180-Day Exchange Period
The 180-Day Exchange Period is the timeframe in a 1031 exchange during which the exchanger must complete the purchase of the replacement property after the sale of the relinquished property closes. This deadline runs concurrently with the 45-day identification period and is a critical requirement for a valid exchange.
45-Day Identification Period
The 45-Day Identification Period is the timeframe in a 1031 exchange during which the exchanger must identify potential replacement property in writing after the sale of the relinquished property closes. Missing this deadline may disqualify the exchange from tax-deferred treatment.
721 UPREIT
A 721 UPREIT is a tax-deferred transaction in which an investor contributes investment real estate to a REIT’s operating partnership in exchange for OP units rather than cash. This is a sophisticated tax and securities topic, so any real transaction should be reviewed by a qualified tax advisor and securities professional.
95% Rule
The 95% rule also allows real estate investors to identify an unlimited number of replacement properties for the property being relinquished.
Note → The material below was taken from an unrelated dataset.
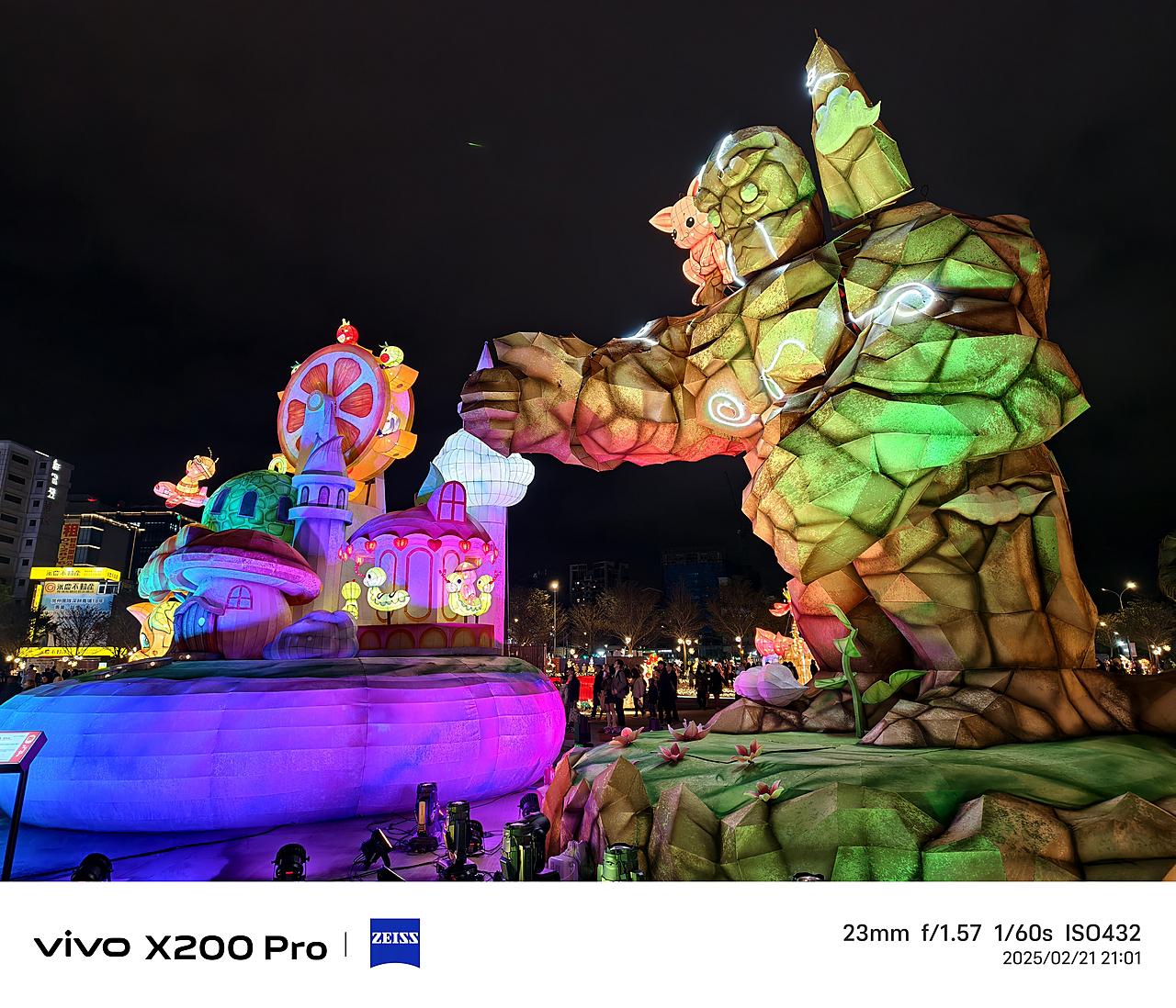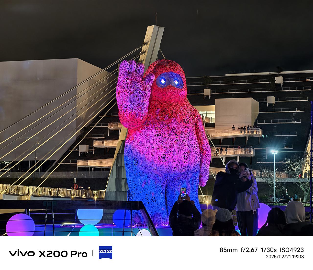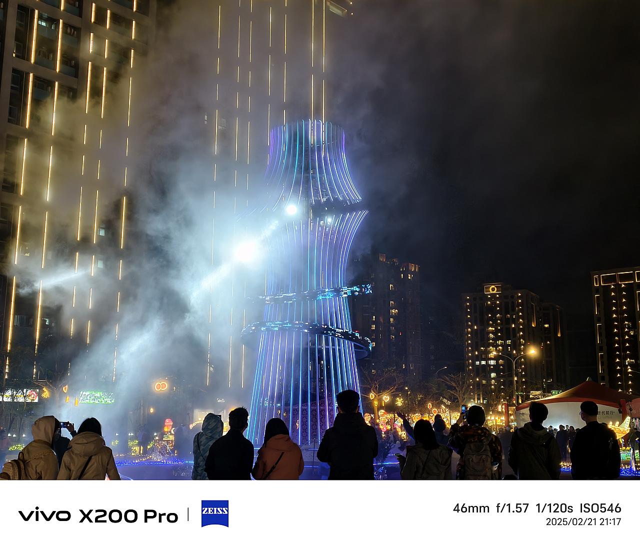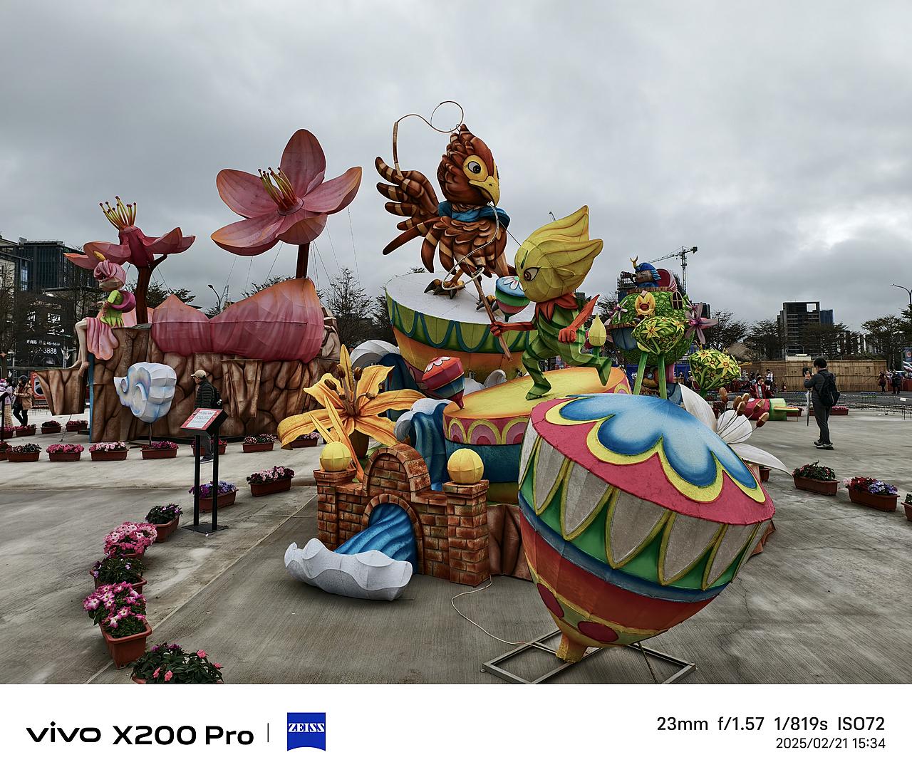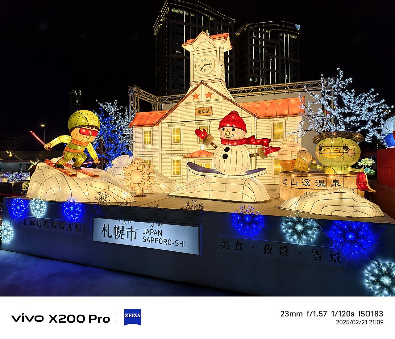 此次體驗分別環繞著燈會現場、表演舞台以及實物等主題展開,造訪到2025台灣桃園燈會的現場,在晚間熱鬧點亮燈區的時刻,隨處可以看到不少人拿著相機手機在拍攝燈會美景,也立馬拿出vivo X200 Pro記錄下熱鬧夜色下的燈光鏡頭呈現的影像真是相當不賴。

But unlike the 200% rule that puts a limit on the total value of the identified replacement properties, the 95% rule requires the investor to actually purchase 95% of the aggregate value of the replacement properties identified.
200% Rule
The 200% Rule allows the investor to identify an unlimited number of replacement properties, provided the combined total value of these properties does not exceed 200% of the value of the property being relinquished.